A learning management system called Canvas that integrates with Google Apps allows teaches to lay out their courses in a forum where the students can access their assignments, relevant resources and information, and provides a record of what they turn in for the class, Steele-Maley said.
In some courses, students are required to read and access lecture information via Canvas on their own time, and class time is spent doing more hands-on and creative work, Steele-Maley said. “That is the trend at the school and is what many teachers are doing,” he said.
The electronic records that are kept of students work provides a tool to teachers to both hold them accountable and measure their progress over time, Steele-Maley said.
Rather than simply having a letter grade recorded in a grading book after a teacher returns a student’s work to them, the retained electronic copies lets the teacher show students and parents how progress is – or isn’t – being made, he said.
The electronic system “eliminates the idea of kids doing surface work” like scribbling an assignment down on paper just before class and handing it in, Steele-Maley said.
Students could still try to complete an assignment just before class, but having a word processor open and needing to craft something on the computer to turn in produces better results, Steele-Maley said. “Many more young people not only try but accomplish more in that environment,” he said.
Using Google Apps provides a way for students to acquire knowledge about working in a network-based environment after they leave school, Steele-Maley said. “There isn’t a 21st century company out there… that’s trying to manage with paper anymore,” he said.
Steele-Maley pointed to Google Apps for Business as the direct example of that knowledge, whose website touts five million businesses as users. “I know that businesses will appreciate us putting out young, capable, and in some way experienced people that they don’t have to retrain,” he said.

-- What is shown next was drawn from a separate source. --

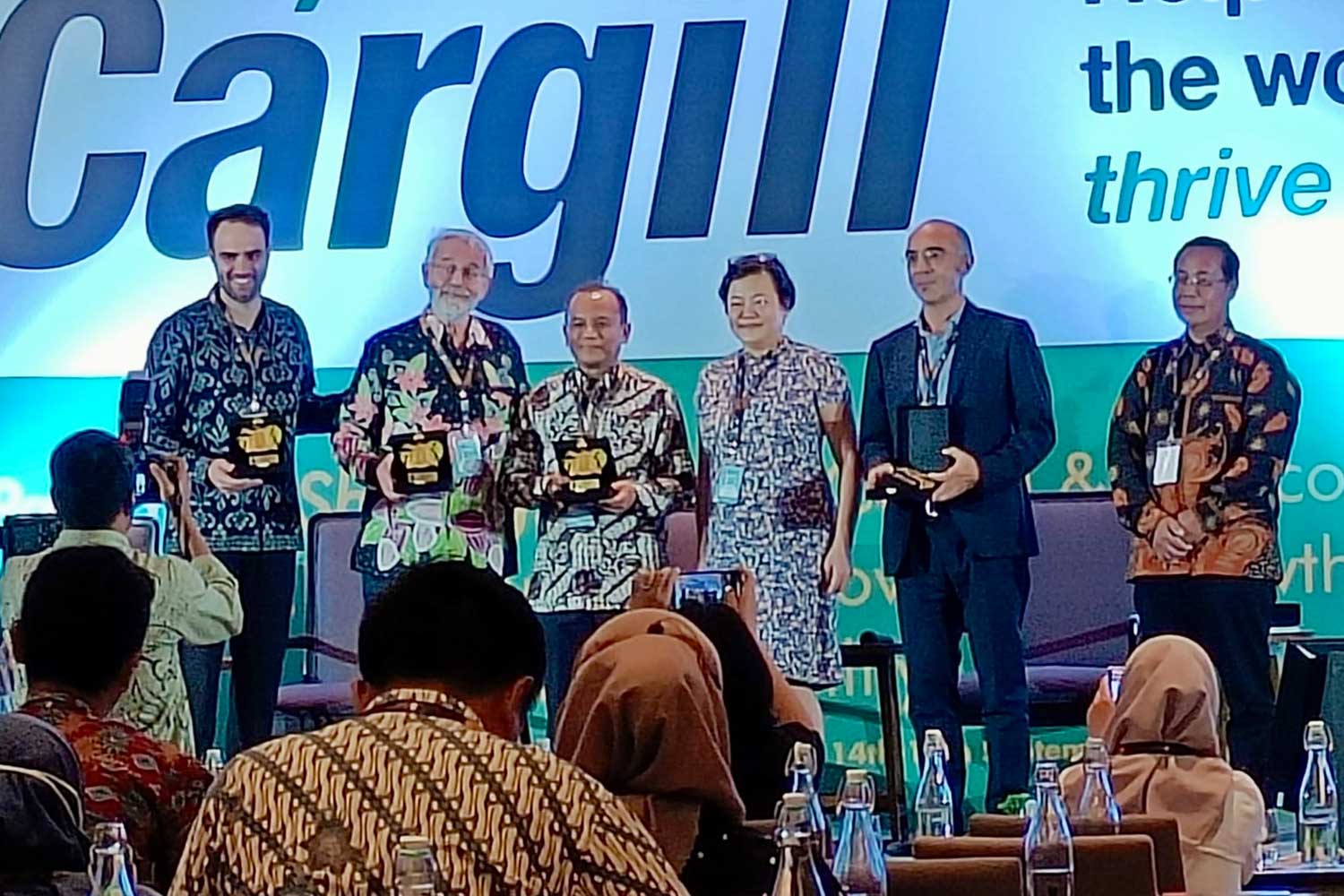 ^ Giovanni Galanti (second from the right) receiving a token of appreciation at the 8th Indonesian International Cocoa Conference and Dinner 2023

In preparation for college or the workforce, students at WHS start working “e-portfolios” as freshman. The students create their own Google website where they display benchmarks for their education, put multimedia of their school work and explain how the work meets the standards that they chose.
“When they leave Wiscasset High School and go to university or the work world, they can actually show their best work,” which can carry more weight than just a paper résumé, Steele-Maley said.
By coupling the e-portfolio of the student’s work and their statements of why it’s important with their school transcript, it will provide “a very full picture of that person and their learning,” he said.
Google Apps helps meet the WHS goal of education focused on the students, Steele-Maley said. “These tools are meant to benefit the learner on their future path.”
“For us there’s still a good bit to grow into,” but Google Apps for Education is “a good fit for the innovative atmosphere” at WHS, Steele-Maley said.